The Sweet Smell of Success - 1957

Directed by: Alexander Mackendrick

Written by: Ernest Lehman & Clifford Odets

One Sheet for Sweet Smell of SuccessThis classic film, directed by Alexander Mackendrick, is easily one of the best films of all time. A pretty bold statement, perhaps, until you’ve actually sat down and soaked in its vicious, chilled vitriol. Burt Lancaster never portrayed calculated maliciousness more convincingly, and baby-faced Tony Curtis literally drips with self-serving viciousness. It is, as Curtis’s Sidney Falco proclaims, “a cookie filled with arsenic.”

The Sweet Smell of Success is an unflinching exploration of the evil that men are capable of. Lancaster plays J. J. Hunsecker, a newspaper gossip columnist whose poisoned pen can make or break a career, and Curtis’s Falco one of his many “press agents”. The story follows Hunsecker’s attempts to ruin his daughter’s marriage to a jazz guitarist by getting Falco to dig up dirt on him.

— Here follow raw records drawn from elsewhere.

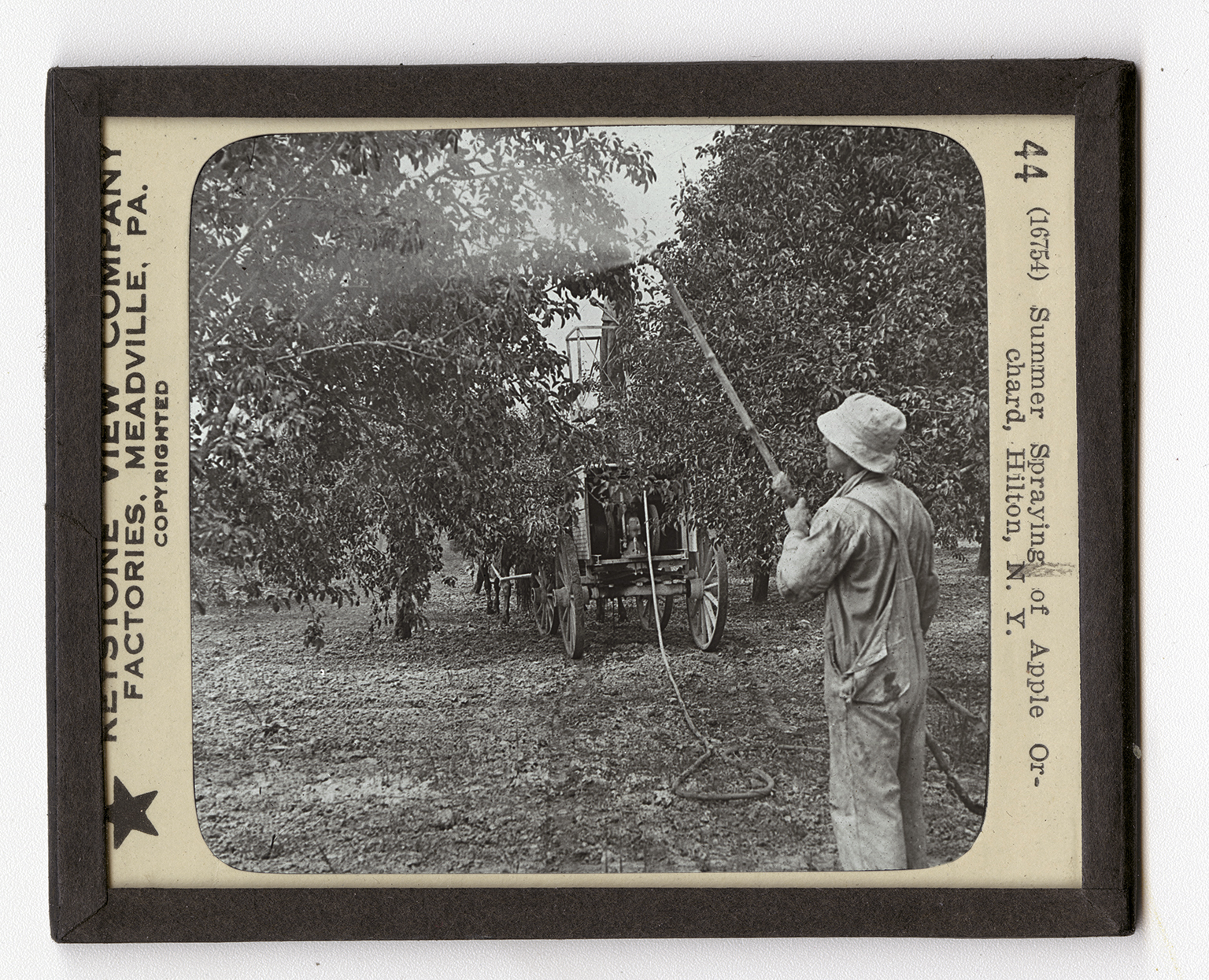 when grown will bear the fruit, not of the kind the seedling bore, but the kind that the tree bore from which the graft was made. Grafts are also made on twigs. The young orchards are carefully tended. This consists largely in fertilizing or cultivating the soil, trimming the trees, and keeping them thoroughly sprayed. It is one of these spraying processes that is shown here. Spraying is a prevention, not a cure. Most of the diseases of plants are "catching." That is, the insects travel from the infected plants to the ones free from disease. The time to spray is before there are any signs of disease. In the case of apples, the trees are sprayed to prevent ripe-rot, cale, canker, leaf-spot, etc. Many kinds of chemicals are used. Powerful sprays, such as this one, make it easy to spray large orchards in a short while.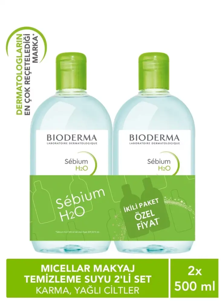 Bioderma Sebium H2O 500 ml 1+1, karma ve yağlı ciltler için durulama gerektirmeyen temizleyici ve makyaj çıkarıcı misel solüsyondur.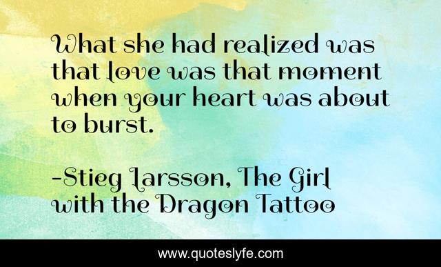 This page presents the quote "What she had realized was that love was that moment when your heart was about to burst.". Author of this quote is Stieg Larsson, The Girl with the Dragon Tattoo. This quote is about adoration, love, infatuation, affection,.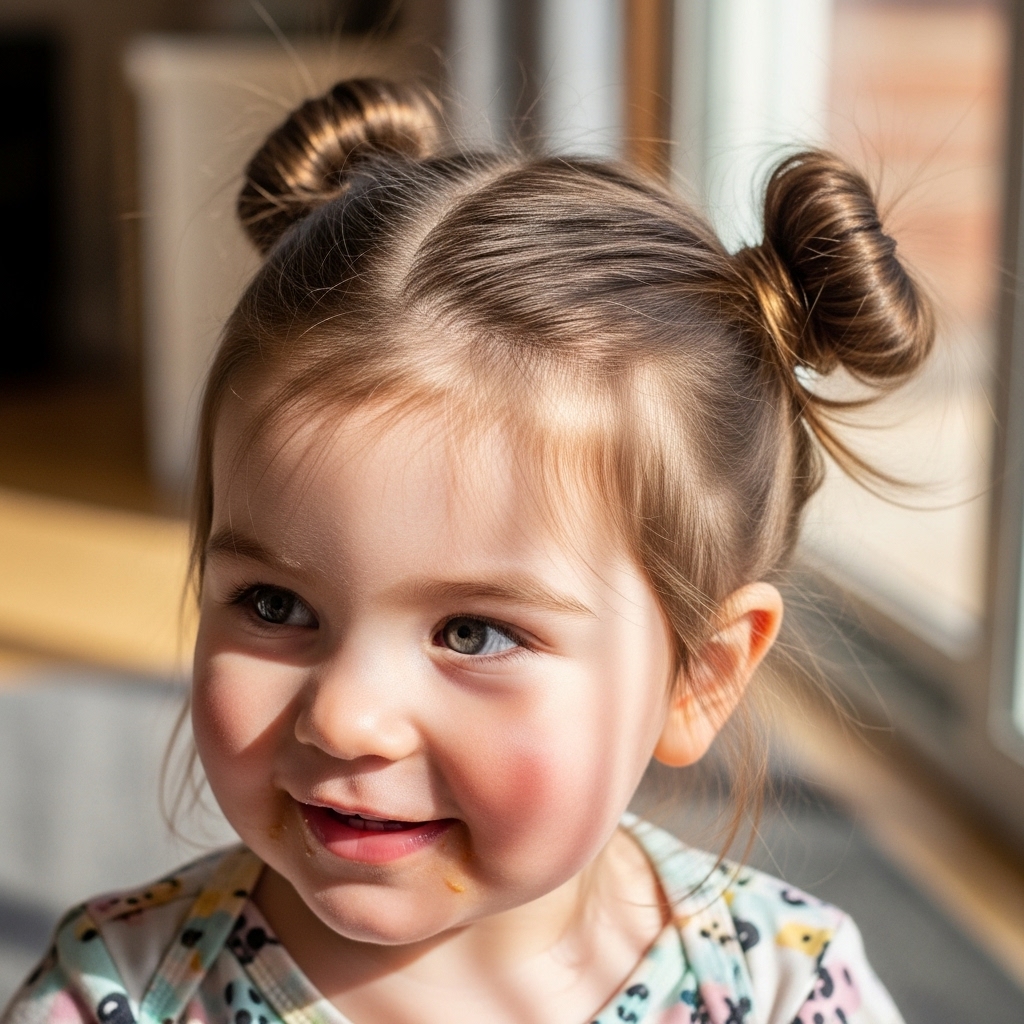 Space buns are fun and playful for toddlers. Part the hair in the middle and twist each side into a small bun. This style keeps hair away from the face and adds a creative touch. It’s perfect for birthdays, parties, or casual days. Comfortable, secure, and absolutely adorable.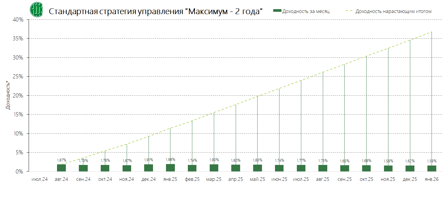 PDFСтандартная стратегия управления «Максимум – 2 года» (применяется с 04.12.2024) Динамика среднемесячной доходностиПубликация: 19.11.2024 21:45Актуальность: с 04.12.2024 00:00 по дату отмены
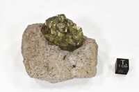 Коллекция Систематическая коллекция, №89048. Округлая конкреция (3,5см) в кварцевом порфире, образованная с поверхности блочными кристаллами {100}+{111}. Длина экспоната 6.0 см.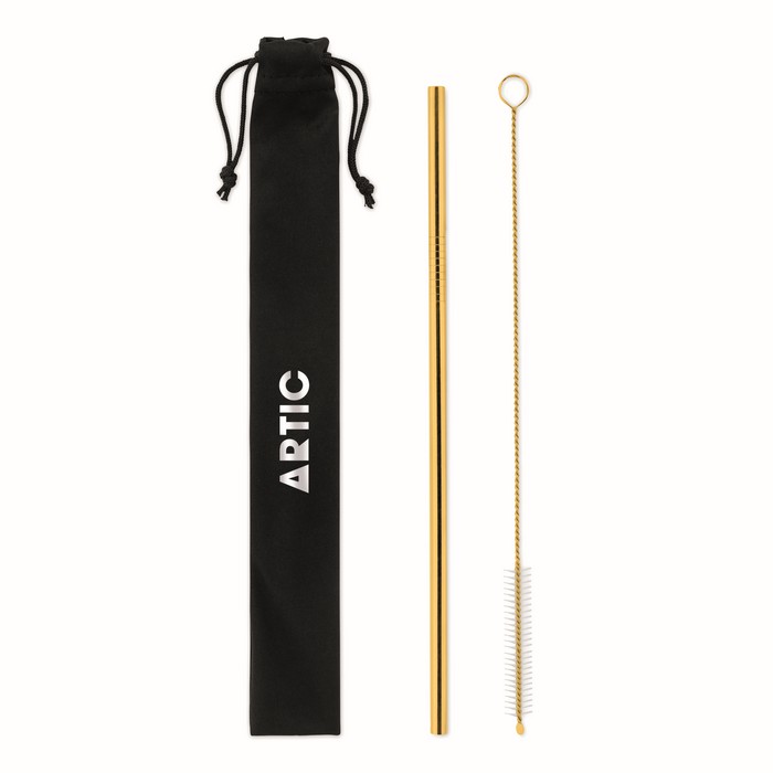 Set of 1 reusable stainless steel drinking straws and cleaning brush in microfiber pouch.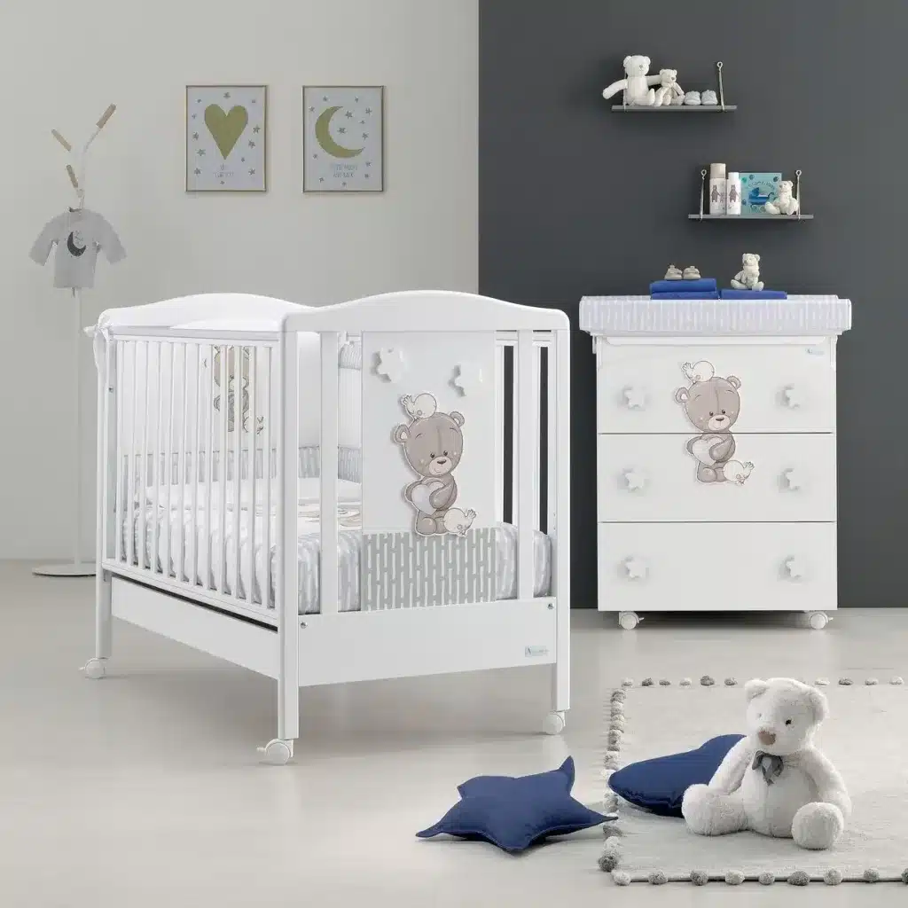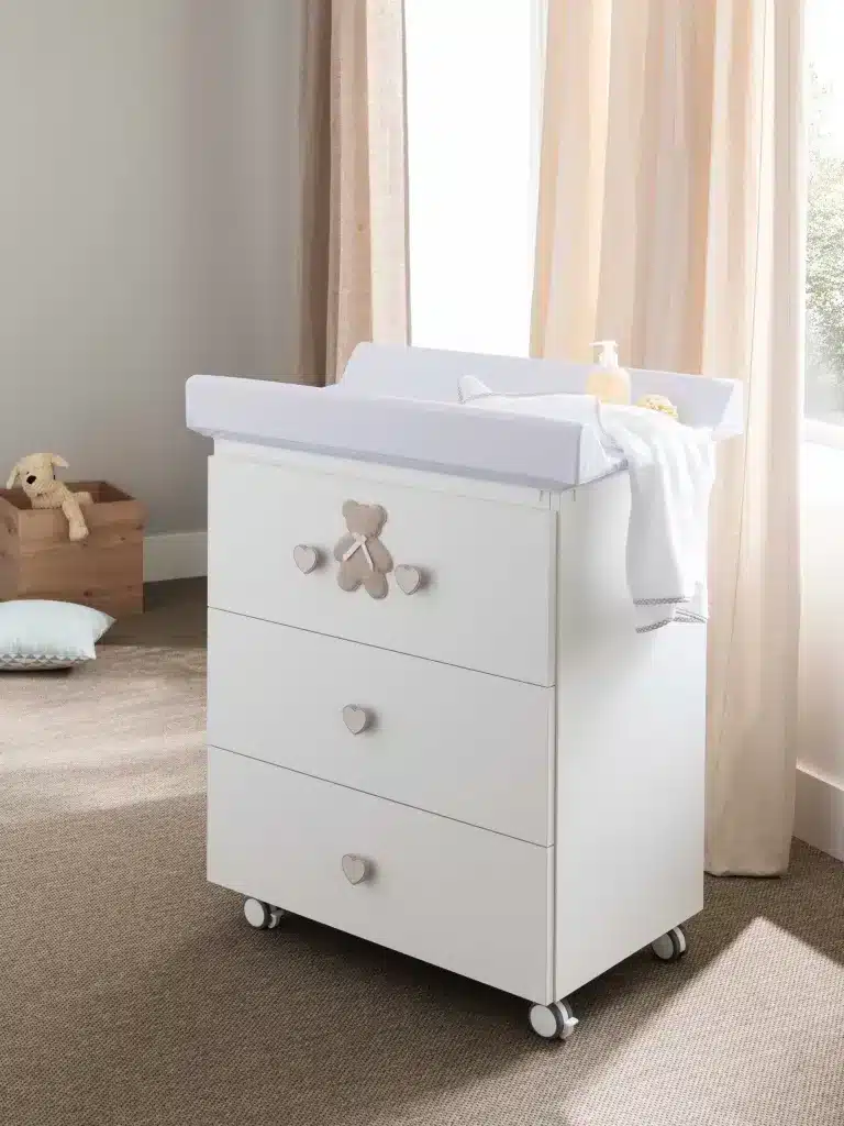 Comoda Bebe multifunctionala cu 4 sertare, salteluta pentru infasat, cadita incorporata și roti cu frâne.Include in pret: saltea de infasat moale 50 * 80 cm cu fixare pe comoda. Saltea detașabilă butoni de prindere sertar cadita pentru baita lui bebe, ergonomica cu scurgere care va usura manevrele de golire a acesteia. Cădiță este detașabilă si ea 4 roti pentru deplasarea usoara a acesteia prin camera atunci cand se doreste, 2 dintre acestea au sistem de blocare. Ulterior atat salteaua de infasat cat si cada pot fi inlaturate transformand, astfel comoda intr-una pentru juniori.dimensiuni exterioare76 * 49 * 91cm Separat se poate cumpara husa din bumbac pentru salteluta de infasat. Comoda Bebe fabricata in Italia.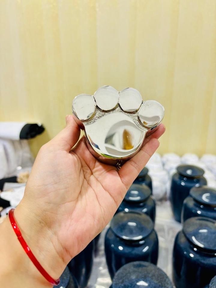 โกศใส่เถ้ากระดูกอลูมิเนียมสำหรับสัตว์เลี้ยงทำจากโลหะโกศทรงอุ้งเท้าทองสีดำทำจากในอินเดีย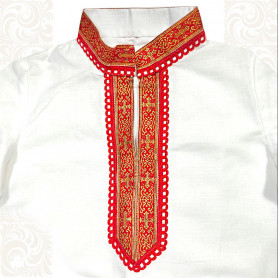 Рубаха "Василёк" выполнена из габардина белого оптического цвета. Декором косоворотки стали большие по размеру вставки из хлопка с цветочным рисунком в сине-голубом цвете и вьюн синего цвета. С Косоворотка без воротника-стойки удобна при надевании на верхнюю одежду (на зимних мероприятиях). Косоворотка "Василек" и сарафан с блузой "Гжель" подойдут для участников одного ансамбля.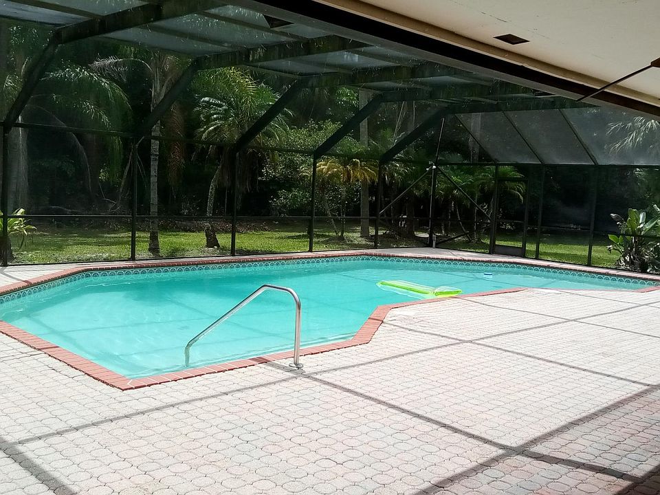 One acre pool home. No HOA. Nestled in the calm suburban neighborhood known as the Palm Beach Country Estates in the heart of Palm Beach Gardens, this is a one story, single family home with 4 bedrooms and 2 full bathrooms. Large master bedroom with two closets. Clean white tiles run all throughout the house. It has a full size garage and over an acre of land! A secluded screen enclosed pool, outdoor shower, and back porch can be found just a step out the back sliding glass door. Brand new roof and fresh exterior paint. This house is located very close to the park. Pets are allowed. Furniture and laundry unit is optional. Good credit, trustworthy background check and a clean criminal history is required. No smoking allowed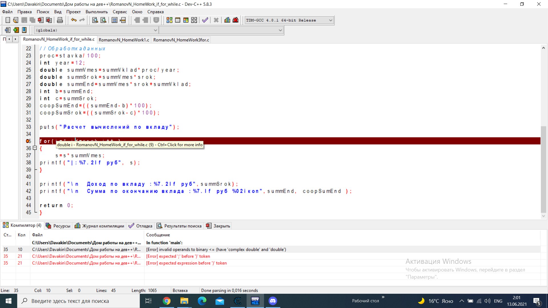 printf("Сумма вклада (руб)->"); scanf("%lf",&summVklad);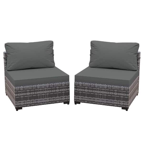 2-Pieces Gray Wicker Patio Conversation Seating with Dark Gray Cushions

And it is deliciously nasty.

“You’re dead, son, ” Hunsecker tells Falco at one point, “get yourself buried.” Clifford Odet’s script for The Sweet Smell of Success is astoundingly good, overflowing with snappy, yet hate-filled one-liners that resonate in the mind long after the film ends. Apparently, Quentin Tarantino based a lot of his dialogue writing style on the rapid-fire delivery heard in this film, and it shows. The banter between any of Tarantino’s characters in Pulp Fiction or Reservoir Dogs evokes Odet’s uncanny sense of timing; they draw from the same polluted source.

Beautifully shot by cinematographer and Chinese trailblazer James Wong Howe (who was the first Chinese man to work in Hollywood in such a high position), The Sweet Smell of Success is as blackhearted and spellbinding now as it was forty years ago. Highly recommended.